What Temporal actually is#
Strip the marketing: Temporal is a server that durably executes your application code. You write workflows as regular functions in Go, Python, TypeScript, Java, or .NET. Temporal handles:
- Durable execution. If your worker process dies mid-workflow, Temporal resumes the workflow exactly where it left off — same variables, same call stack — on a different worker.
- Timers as first-class.
sleep(72 hours)in a workflow is a real thing. The workflow goes to sleep for 72 hours; no resources consumed; resumes on schedule. - Activities with retries. Calls to external systems (databases, APIs, third parties) are activities, which Temporal automatically retries with configurable policies.
- Versioning. Workflows that started on v1 of your code can keep running on v1 logic even after you deploy v2.
- Visibility. Every workflow execution is queryable: status, history, current step, retry state. Built in.

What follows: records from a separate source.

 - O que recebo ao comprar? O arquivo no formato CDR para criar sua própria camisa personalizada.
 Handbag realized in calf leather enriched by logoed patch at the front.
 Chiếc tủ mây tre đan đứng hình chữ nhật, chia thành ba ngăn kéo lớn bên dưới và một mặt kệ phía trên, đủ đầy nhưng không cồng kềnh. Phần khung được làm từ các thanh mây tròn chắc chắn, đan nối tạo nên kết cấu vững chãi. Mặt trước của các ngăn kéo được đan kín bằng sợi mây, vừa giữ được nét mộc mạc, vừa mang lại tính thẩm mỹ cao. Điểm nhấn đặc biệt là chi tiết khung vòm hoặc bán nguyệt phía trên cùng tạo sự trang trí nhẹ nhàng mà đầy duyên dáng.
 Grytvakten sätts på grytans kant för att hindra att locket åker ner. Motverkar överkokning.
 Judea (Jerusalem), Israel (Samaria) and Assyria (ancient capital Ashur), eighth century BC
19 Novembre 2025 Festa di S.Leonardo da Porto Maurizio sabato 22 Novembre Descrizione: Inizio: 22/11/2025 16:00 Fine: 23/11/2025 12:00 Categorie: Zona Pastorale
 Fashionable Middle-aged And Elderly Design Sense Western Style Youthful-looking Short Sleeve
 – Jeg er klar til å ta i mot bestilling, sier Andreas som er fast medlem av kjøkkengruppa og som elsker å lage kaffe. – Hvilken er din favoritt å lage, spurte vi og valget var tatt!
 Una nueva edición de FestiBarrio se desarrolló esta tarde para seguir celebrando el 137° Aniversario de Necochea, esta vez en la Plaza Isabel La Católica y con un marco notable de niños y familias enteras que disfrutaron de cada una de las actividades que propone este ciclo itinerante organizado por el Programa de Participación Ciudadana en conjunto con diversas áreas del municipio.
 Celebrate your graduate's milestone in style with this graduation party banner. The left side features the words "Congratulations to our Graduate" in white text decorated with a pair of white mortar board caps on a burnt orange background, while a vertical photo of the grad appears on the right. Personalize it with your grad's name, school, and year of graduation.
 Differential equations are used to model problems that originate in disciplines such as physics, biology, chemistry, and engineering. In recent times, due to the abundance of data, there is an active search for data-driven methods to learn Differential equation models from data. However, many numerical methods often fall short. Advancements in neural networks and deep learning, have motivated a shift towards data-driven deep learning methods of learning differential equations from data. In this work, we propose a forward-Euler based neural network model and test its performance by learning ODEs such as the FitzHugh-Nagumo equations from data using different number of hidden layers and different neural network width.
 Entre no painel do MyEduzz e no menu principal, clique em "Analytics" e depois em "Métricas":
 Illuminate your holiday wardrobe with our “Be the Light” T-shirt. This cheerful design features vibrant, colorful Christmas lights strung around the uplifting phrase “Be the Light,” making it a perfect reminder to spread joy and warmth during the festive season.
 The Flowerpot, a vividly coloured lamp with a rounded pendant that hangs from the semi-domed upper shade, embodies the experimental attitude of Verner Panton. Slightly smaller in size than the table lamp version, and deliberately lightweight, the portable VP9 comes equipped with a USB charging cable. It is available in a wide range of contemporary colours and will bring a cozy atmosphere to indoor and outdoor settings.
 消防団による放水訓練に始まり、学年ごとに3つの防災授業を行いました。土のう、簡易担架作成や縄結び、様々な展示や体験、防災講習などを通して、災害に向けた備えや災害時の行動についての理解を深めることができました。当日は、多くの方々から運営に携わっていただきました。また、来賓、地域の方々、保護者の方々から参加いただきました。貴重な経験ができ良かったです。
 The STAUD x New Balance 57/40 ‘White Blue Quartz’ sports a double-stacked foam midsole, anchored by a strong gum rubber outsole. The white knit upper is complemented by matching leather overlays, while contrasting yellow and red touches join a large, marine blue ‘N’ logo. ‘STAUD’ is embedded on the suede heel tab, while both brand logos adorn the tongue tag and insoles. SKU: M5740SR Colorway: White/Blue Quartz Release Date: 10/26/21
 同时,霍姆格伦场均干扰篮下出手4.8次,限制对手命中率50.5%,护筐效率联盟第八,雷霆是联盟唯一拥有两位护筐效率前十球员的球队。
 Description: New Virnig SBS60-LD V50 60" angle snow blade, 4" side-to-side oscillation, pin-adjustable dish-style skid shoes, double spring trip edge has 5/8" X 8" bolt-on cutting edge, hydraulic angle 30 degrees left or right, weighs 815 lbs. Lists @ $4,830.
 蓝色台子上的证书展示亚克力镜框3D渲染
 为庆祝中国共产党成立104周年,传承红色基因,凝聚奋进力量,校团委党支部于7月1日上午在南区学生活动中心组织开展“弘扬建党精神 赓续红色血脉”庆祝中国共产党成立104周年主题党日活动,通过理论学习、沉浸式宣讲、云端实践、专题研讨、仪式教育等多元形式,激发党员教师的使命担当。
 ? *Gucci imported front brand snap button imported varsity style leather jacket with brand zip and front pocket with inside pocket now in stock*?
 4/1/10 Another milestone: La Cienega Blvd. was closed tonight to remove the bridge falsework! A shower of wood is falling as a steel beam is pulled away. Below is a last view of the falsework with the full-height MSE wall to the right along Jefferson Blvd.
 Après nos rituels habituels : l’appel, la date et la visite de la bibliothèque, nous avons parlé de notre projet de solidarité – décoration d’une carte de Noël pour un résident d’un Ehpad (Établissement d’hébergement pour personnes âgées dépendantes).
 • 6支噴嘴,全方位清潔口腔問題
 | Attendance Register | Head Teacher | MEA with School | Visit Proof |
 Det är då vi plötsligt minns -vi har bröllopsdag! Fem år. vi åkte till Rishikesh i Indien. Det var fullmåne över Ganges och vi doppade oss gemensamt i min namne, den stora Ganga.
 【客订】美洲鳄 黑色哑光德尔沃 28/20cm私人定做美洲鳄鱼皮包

The mental model: a workflow is a deterministic program; activities are everything non-deterministic. Temporal records every effect of a workflow run, so replaying the recording on a different machine reproduces the same state.
The problems Temporal solves#
Look at the patterns in a typical production codebase that Temporal collapses into one abstraction:
| Pattern in code | What Temporal replaces it with |
|---|---|
| Cron job that runs every N hours, looks for “stuck” records, retries | Workflow with a timer |
| Message queue + handler with custom retry logic | Activity with built-in retries |
| State table tracking “what step is this order on” | Workflow state variables |
sleep and setTimeout patterns for delayed actions | Native workflow.sleep() |
| Distributed lock for “only one of these can run at a time” | Workflow ID uniqueness constraint |
| Custom code to handle “API was down, retry tomorrow” | Activity retry policy with exponential backoff |
| Saga / compensating transaction code for rollback | Workflow with explicit compensation activities |
| Cron + email for “if status hasn’t changed in 48h, page someone” | Workflow with timer + signal |
These are the same patterns implemented many times in many companies. Temporal is the abstraction.
A concrete example#
Consider a hospital intake workflow: a patient arrives, intake form is captured, insurance is verified, an appointment is scheduled, reminders are sent, the visit happens, billing fires. Each step might take minutes (insurance verification API) or days (the actual appointment). Steps can fail (insurance down), require human input (front desk corrects an error), or time out (patient doesn’t confirm).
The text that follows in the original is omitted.